The bill provides that a new paragraph 5 should be added to Article 387 of the applicable Criminal Code, which will read as follows: “Anyone who publicly approves, denies the existence or significantly reduces the weight of genocide, crimes against humanity and war crimes committed against a group of persons or a member of a group determined on the basis of race, colour, religion, origin, state, national or ethnic affiliation, in a way that can lead to violence or incitement of hatred against such a group of persons or member of that group, if those offenses have been established by a final judgment of a court in Serbia or the International Criminal Court, shall be punished by imprisonment for six months to five years.”

Excluding from the qualifying cause those crimes established by the ICTY, the Bill allows for the denial and public approval of the Srebrenica genocide, the crimes at Ovčara, the mass crimes committed in Prijedor, Markale, Meja and Korenica, Izbica and many other places during the wars in the former Yugoslavia. The HLC would like to point out that Serbia committed itself to respect the decisions of the International Criminal Tribunal under the Law on Cooperation with the ICTY.

The HLC would also like to point out the following: the judgment of the International Court of Justice, which is binding for Serbia under Article 94 of the UN Charter, established that genocide has been committed in Srebrenica, adding that Serbia violated the Convention on the Prevention and Punishment of the Crime of Genocide on two grounds – firstly, because it did not do anything to prevent the Srebrenica massacre in July 1995, “although it must have been clear for Serbia that there was a serious risk of genocide”; and secondly, because it failed to punish those who participated in the crime, which it could have done.

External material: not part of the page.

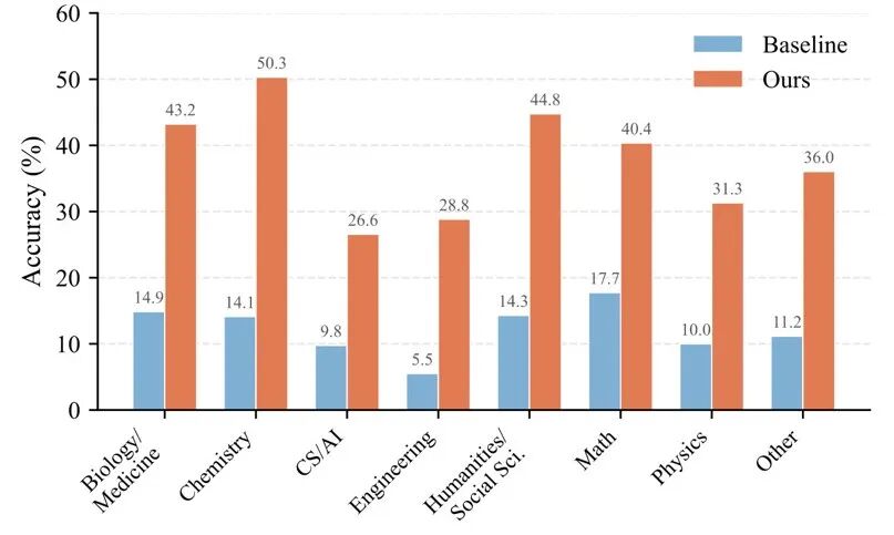 实验结果:HLE 成功率从 14% 提升到 39%

The HLC expresses its concern, and indicates that the Bill is about to be adopted at the time of a continuing campaign which is aimed at denying the court-established facts, with the purpose to revise the history about the 1992-1995 war in BiH. This entire endeavour is being implemented with the use of the state resources of the Republic of Serbia.

The HLC calls on the National Assembly to adopt a legal solution that would penalize the denial of facts established before all relevant international courts, thus setting an example to other institutions and initiating the process of dealing with the facts of the past, as a precondition for reconciliation. The HLC invites the authorities of the Republic of Serbia to accept the facts established by the ICTY and the ICJ regarding the crimes committed in the former Yugoslavia during the 1990s, according to their formal obligation and declarative commitment. The HLC calls upon them to open a public debate on the basis of the facts established so far in court, and fulfill the obligation set out in the National Strategy for War Crimes Processing which refers to “the objective informing of citizens about war crimes trials”, with the aim to “raise the level of general public awareness of events in the former Yugoslavia and the need to expose war crimes, and have them investigated and prosecuted by punishing the perpetrators regardless of their national, ethnic and religious affiliations or their rank.”